Este
país se ha convertido en un pantano de la risa. Esto es
una desvergüenza. La absoluta caída de la vida pública en
el charco es evidente y patética. Las cosas que se dicen
superan la impudicia para hundirse en el tremedal del más
absoluto desprecio por la gente. Cualquier cosa, cualquier
barbaridad, cualquier despropósito es lanzado ante la
opinión pública con un desparpajo propio de la ignorancia
y de la desfachatez.
Lo que tenemos que oír a diario raya con lo obsceno, con
lo inaudito, con la barbarie. La vida pública de Venezuela
equivale a la pérdida total de la sindéresis, del
equilibrio, de la decencia. Se dicen las tropelías más
insólitas como si el país fuese una jaula de monos. El
irrespeto por la población ha llegado a proporciones
canivalescas. En Venezuela se disolvieron los límites, ya
cualquier cosa es posible, cualquier descabellada
declaración es pronunciable, cualquier barbaridad se puede
proferir para tejer un debate insustancial, maníaco,
deprimente.
Aquí no circulan ideas, sólo escupitajos. El país ha sido
convertido en una caja de resonancia de lo insólito. Es
imposible entretejer un debate sobre los destinos
nacionales. Aquí no hay espacio para la serenidad y lo
profundo, aquí sólo hay espacio para la denuncia
temeraria, para la payasada grandilocuente, para el
desarme total de todo resquicio de ética. Han devaluado la
vida pública, han enlodado la palabra hasta hacerla perder
cualquier efecto, han convertido al país en el reino de lo
desvalorizado, han convertido el necesario debate de lo
público en una vulgaridad paralizante.
Las palabras que se elevan son sepultadas por el diario
alud de la incongruencia. Las palabras que tratan de subir
son arrolladas por un tsunami de estiércol. Cualquier
esfuerzo por discurrir sobre el porvenir de la nación
recibe a diario las camionadas de incongruencias que se
lanzan envueltas en el papel de sonoras declaraciones
peripatéticas y enloquecidas.
Aquí se puede decir cualquier cosa, se puede proferir
cualquier mentira, se puede distorsionar a voluntad, se
puede declarar lo que sea. Ya no importa, conceptos como
los de verdad y decencia han sido cremados en el horno del
despojo absoluto de todo raciocinio. Todo se enloda con
meticulosa periodicidad. Las declaraciones sensatas, los
análisis medulares, los intentos por plantear lo que
interesa, todo es lanzado a los depósitos de basura porque
lo que importa es la última locura proferida por algún
asomado que se inventa lo que le de la gana.
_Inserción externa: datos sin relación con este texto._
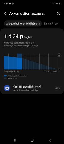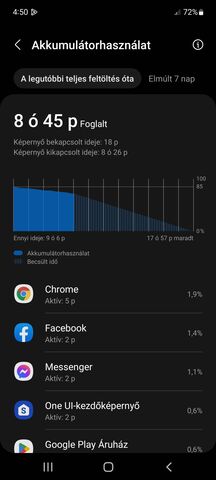 Sziasztok ismét! Tegnap este már nem foglalkoztam a frissítés telepítésével, így a mostani problémám nem fogható rá. Mielőtt lefeküdtem 85%ra feltöltöttem a telefont, kicsit még nyomkodtam de nagyon keveset, 84%-al tettem le, és reggelre kb 6-7 óra múlva 73%-ra lement a töltöttség úgy, hogy a net sem volt bekapcsolva. Vásárlás utáni napon teljesen jól működött a teló, teljes napot bírt az akksi, de pár nap elteltével látványosan romlott az állapota. Másnál is produkál ilyeneket a teló? Ez tuti nem normális egy pár napos készüléknél. Néztem az alkalmazásokat, de nem találtam semmi kirívó dolgot ami enné az akksit...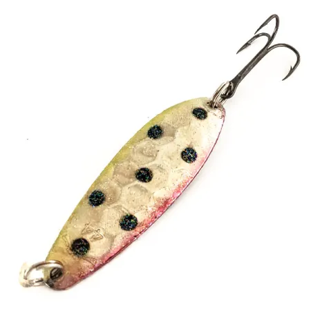 Vasaroitu hunajakennotekstuuri luo moniulotteisia heijastuksia tämän Pirate Lures -lusikan hopeoidulle pinnalle, joka on laadukas USA:ssa valmistettu viehe. 6,5 cm (2 1/2") pitkä ja 12 g (2/5 oz) painava Pirate Joe's Silver Plated on tasapainotettu monipuoliseen kalastukseen. Värityksessä on vaaleanvihreänkellertävä selkä ja vaaleanpunertava vatsa, joita täydentää seitsemän kimaltavaa mustaa pistettä tarjoten selkeät iskupisteet hopeista pohjaa vasten. Taustapuoli korostaa kirkasta hopeointia ja stanssatun suomukuvion syvyyttä. Varustettuna alkuperäisillä uistinrenkailla ja terävällä kolmihaarakoukulla, tämä yksilö (tuotekoodi 12483) on 5/5 kunnossa. Hopeointi on säilyttänyt loistonsa, mikä osoittaa perinteistä Pirate Lures -käsityötä, joka on suunniteltu heitto- ja vetouisteluun.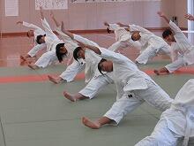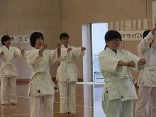 中学校の体育の授業では、相撲、剣道、柔道などの武道を行うことが学習指導要領で定められており、県内では多くの学校が柔道を行っています。授業を見ると、けじめのある授業前後のあいさつや真剣な表情での準備運動、笑顔で受け身などの練習をしている姿が印象的です。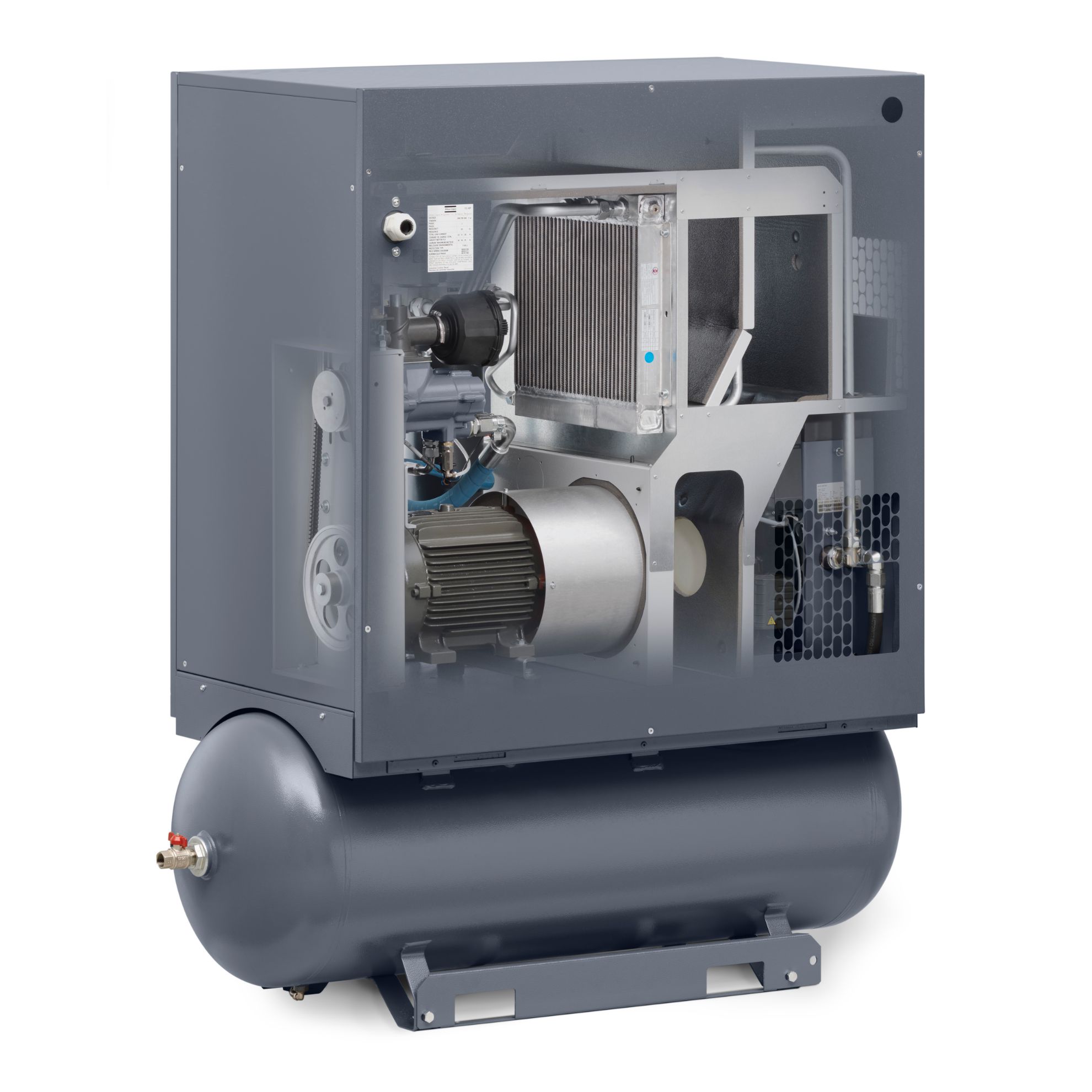 This configuration is the Full Feature model mounted on a 132-gallon air receiver and has a pre-installed integrated dryer. The GA18FF is a dependable, space-saving compressed air solution that includes all necessary components in an air system: compressor, tank and dryer. Since all components are pre-plumbed into a single system, installation is a breeze - Just plug and play! .

Decir que el país se ha convertido en una carpa de circo
sería exagerar. En el circo hay disciplina, esfuerzo y
organización, y hasta el arte del payaso merece todo
respeto. Esto no es un circo, esto es una devaluación
total donde no queda un principio en pie. Los actores que
visualizamos provocan risa. Y cuando hablan no salimos de
nuestro asombro. Y cuando escriben nos sumen en el mareo
de lo peripatético. Y cuando actúan nos parece vivir en un
asombroso mundo creado por una mente fantasiosa que bien
podríamos llamar de ridículo-ficción.
Aquí se juega con todos los valores, inclusive con los de
la vida. El talento que el país tiene guarda silencio y
duerme. Ese talento no tiene conexiones con lo que
llamaremos lo propiamente político. Pedir que nos
calláramos y dejásemos todo en manos de los humoristas
sería una ofensa a los humoristas que son gente muy seria.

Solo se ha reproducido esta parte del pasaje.